======== Record excerpts ========
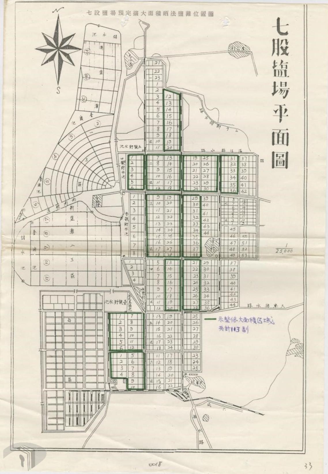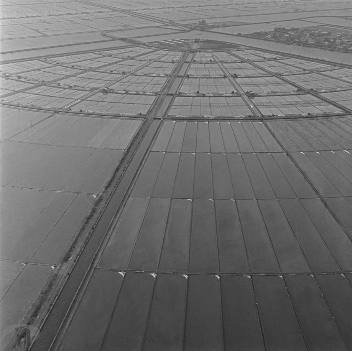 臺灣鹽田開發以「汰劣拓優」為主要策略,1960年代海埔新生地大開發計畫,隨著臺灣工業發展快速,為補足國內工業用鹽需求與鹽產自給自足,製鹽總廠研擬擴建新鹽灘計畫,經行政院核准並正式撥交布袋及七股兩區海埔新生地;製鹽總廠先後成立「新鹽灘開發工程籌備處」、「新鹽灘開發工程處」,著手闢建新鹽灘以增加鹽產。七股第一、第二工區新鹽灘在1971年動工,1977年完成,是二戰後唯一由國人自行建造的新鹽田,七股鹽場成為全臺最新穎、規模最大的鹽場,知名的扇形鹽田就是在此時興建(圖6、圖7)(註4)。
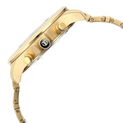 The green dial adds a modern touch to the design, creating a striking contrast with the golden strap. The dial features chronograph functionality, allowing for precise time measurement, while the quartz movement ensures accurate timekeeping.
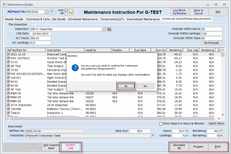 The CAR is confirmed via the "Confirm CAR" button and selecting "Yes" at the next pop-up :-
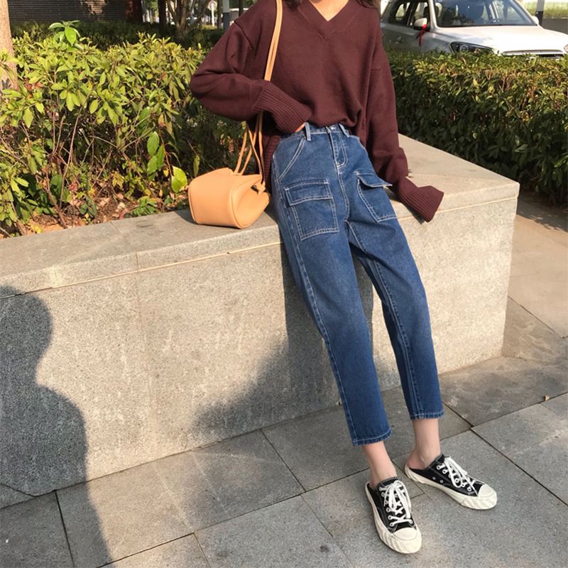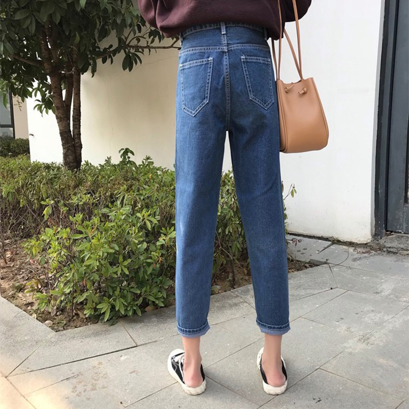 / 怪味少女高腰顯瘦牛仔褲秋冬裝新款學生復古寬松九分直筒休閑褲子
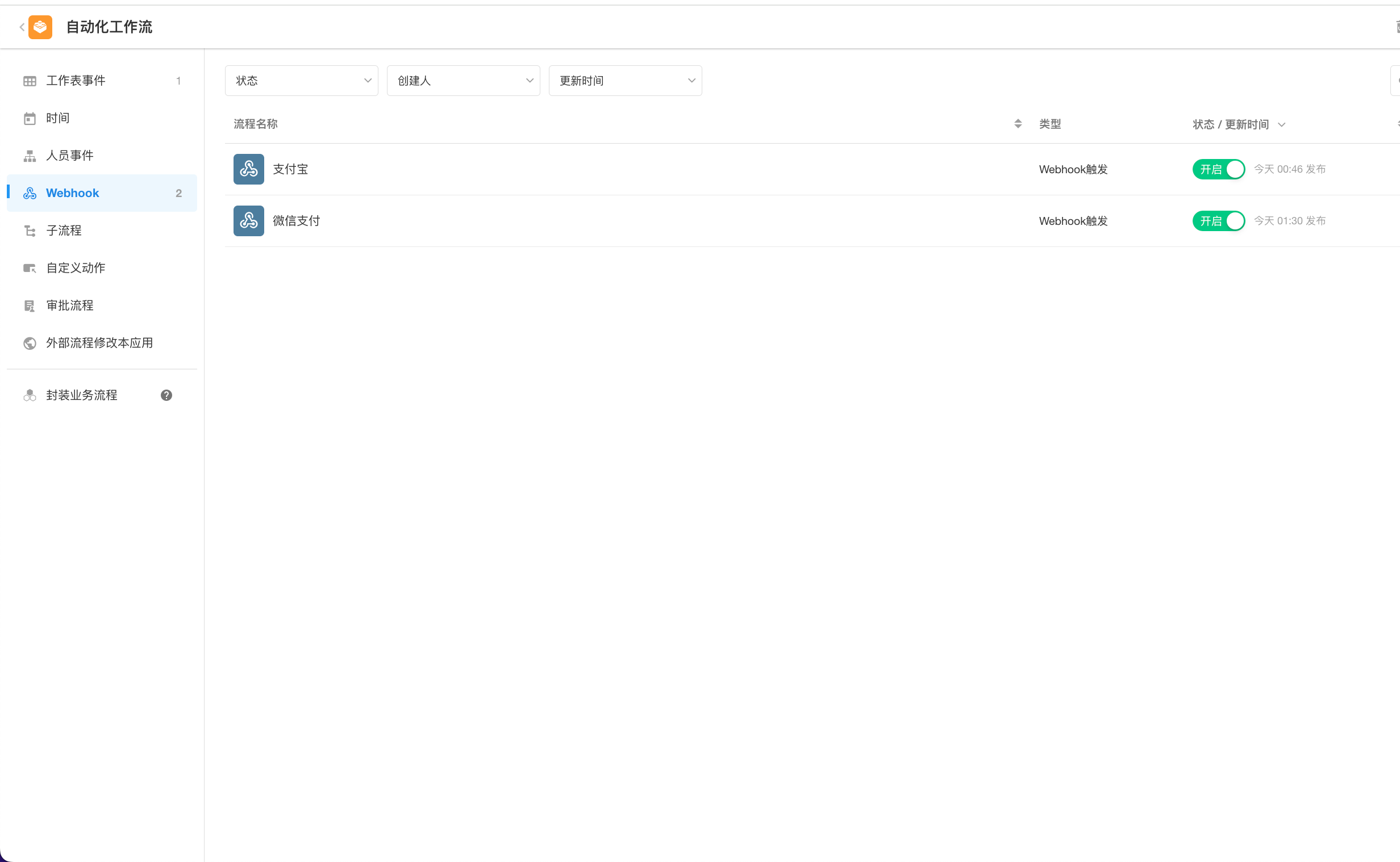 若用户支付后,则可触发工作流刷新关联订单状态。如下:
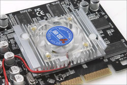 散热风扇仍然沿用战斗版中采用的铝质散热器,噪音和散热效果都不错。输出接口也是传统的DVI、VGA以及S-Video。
========
How to complete this task ::
Please restate the data word for word, leaving out any picture it holds.

Result of this exercise ::
 臺灣鹽田開發以「汰劣拓優」為主要策略,1960年代海埔新生地大開發計畫,隨著臺灣工業發展快速,為補足國內工業用鹽需求與鹽產自給自足,製鹽總廠研擬擴建新鹽灘計畫,經行政院核准並正式撥交布袋及七股兩區海埔新生地;製鹽總廠先後成立「新鹽灘開發工程籌備處」、「新鹽灘開發工程處」,著手闢建新鹽灘以增加鹽產。七股第一、第二工區新鹽灘在1971年動工,1977年完成,是二戰後唯一由國人自行建造的新鹽田,七股鹽場成為全臺最新穎、規模最大的鹽場,知名的扇形鹽田就是在此時興建(圖6、圖7)(註4)。
 The green dial adds a modern touch to the design, creating a striking contrast with the golden strap. The dial features chronograph functionality, allowing for precise time measurement, while the quartz movement ensures accurate timekeeping.
 The CAR is confirmed via the "Confirm CAR" button and selecting "Yes" at the next pop-up :-
 / 怪味少女高腰顯瘦牛仔褲秋冬裝新款學生復古寬松九分直筒休閑褲子
 若用户支付后,则可触发工作流刷新关联订单状态。如下:
 散热风扇仍然沿用战斗版中采用的铝质散热器,噪音和散热效果都不错。输出接口也是传统的DVI、VGA以及S-Video。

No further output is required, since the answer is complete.